Сам того не желая, я направил разговор по другому руслу.

— Учитель, — сказал я, — вы только что употребили такое выражение: «Триединство лучше запечатлено в звездах неба…» Что вы хотели этим сказать? Я понимаю слова Библии о том, что слава божья сверкает в блеске небесных светил, но не вижу в этих светилах доказательства общего закона жизни, который вы зовете Триединством.

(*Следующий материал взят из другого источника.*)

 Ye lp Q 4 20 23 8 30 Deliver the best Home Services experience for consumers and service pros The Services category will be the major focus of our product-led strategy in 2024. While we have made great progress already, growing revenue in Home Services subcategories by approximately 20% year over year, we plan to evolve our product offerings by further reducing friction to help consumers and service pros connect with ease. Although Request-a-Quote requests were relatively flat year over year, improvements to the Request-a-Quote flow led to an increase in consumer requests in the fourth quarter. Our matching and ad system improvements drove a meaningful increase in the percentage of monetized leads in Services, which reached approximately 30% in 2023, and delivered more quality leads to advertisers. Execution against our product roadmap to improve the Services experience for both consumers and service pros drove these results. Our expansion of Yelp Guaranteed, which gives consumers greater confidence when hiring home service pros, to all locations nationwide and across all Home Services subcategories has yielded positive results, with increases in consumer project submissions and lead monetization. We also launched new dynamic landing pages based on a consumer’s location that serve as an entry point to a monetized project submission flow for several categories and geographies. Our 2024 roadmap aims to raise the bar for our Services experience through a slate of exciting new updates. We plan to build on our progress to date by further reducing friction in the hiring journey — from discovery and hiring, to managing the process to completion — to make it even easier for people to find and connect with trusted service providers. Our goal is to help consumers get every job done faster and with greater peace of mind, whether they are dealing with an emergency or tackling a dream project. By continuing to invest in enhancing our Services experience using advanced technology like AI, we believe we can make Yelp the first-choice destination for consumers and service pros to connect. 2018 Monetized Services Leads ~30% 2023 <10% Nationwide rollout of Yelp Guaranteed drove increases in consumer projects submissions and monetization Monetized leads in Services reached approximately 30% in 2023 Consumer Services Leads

— Это потому, — ответил он, — что физические науки пока еще мало развиты у нас, или, вернее, ты еще не изучил их на том уровне, на каком они находятся в настоящее время. Слышал ли ты об открытиях в сфере электричества? Разумеется, слышал, ибо они привлекли внимание всех просвещенных людей. Так вот, заметил ли ты, что ученые, столь недоверчивые, столь насмешливые, когда речь идет о божественном триединстве, наконец сами признали его в связи с этими явлениями. Ибо они говорят, что нет электричества без теплоты и света, и наоборот, — словом, они видят здесь три явления в одном, чего не хотят допускать в боге!

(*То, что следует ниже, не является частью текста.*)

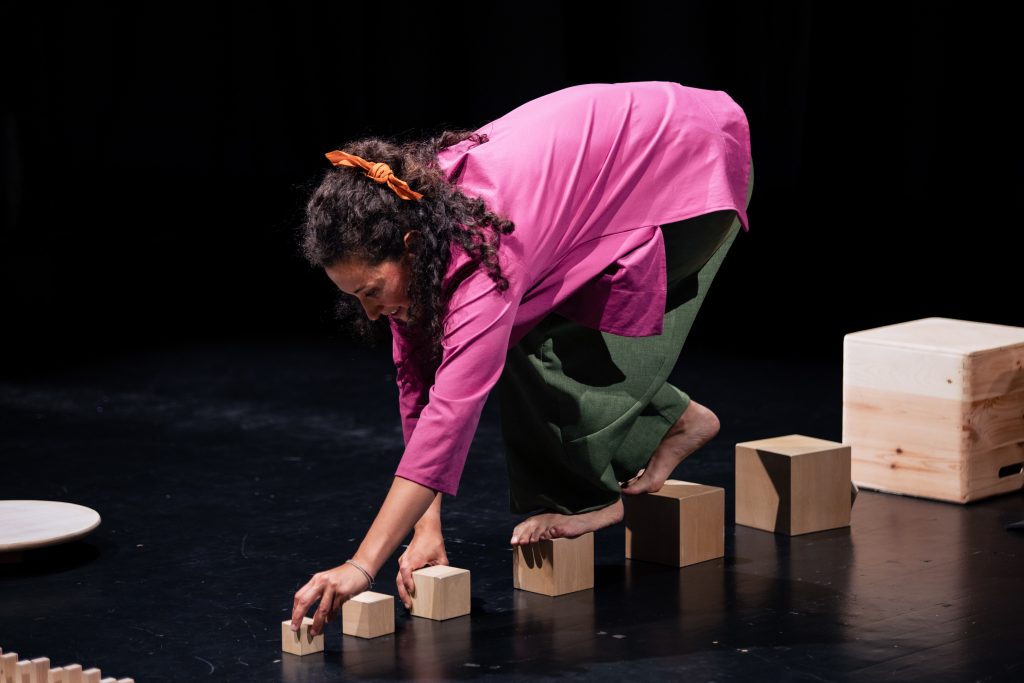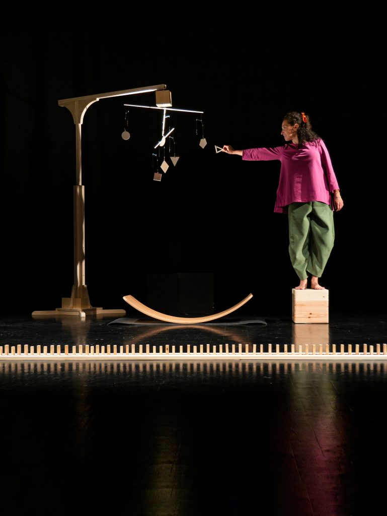 Lo spettacolo ruota intorno a una scena semplice, fatta di oggetti neutri.

И тут он начал рассказывать нам о природе и о необходимости подчинять все ее явления одному общему закону.

— Жизнь одна, — сказал он. — Существует лишь акт бытия. Надо только понять, каким образом все отдельные существа живут милостью и вмешательством всеобъемлющего Существа, не растворяясь в Нем. Я был бы счастлив и дальше слушать, как развивает Трисмегист эту неисчерпаемую тему. Но в течение некоторого времени Спартак, казалось, уделял словам Трисмегиста меньше внимания. Не то чтобы они не интересовали его, но ведь напряжение ума старца не могло длиться бесконечно, а Спартаку хотелось, пока это было возможно, снова навести его на излюбленный предмет.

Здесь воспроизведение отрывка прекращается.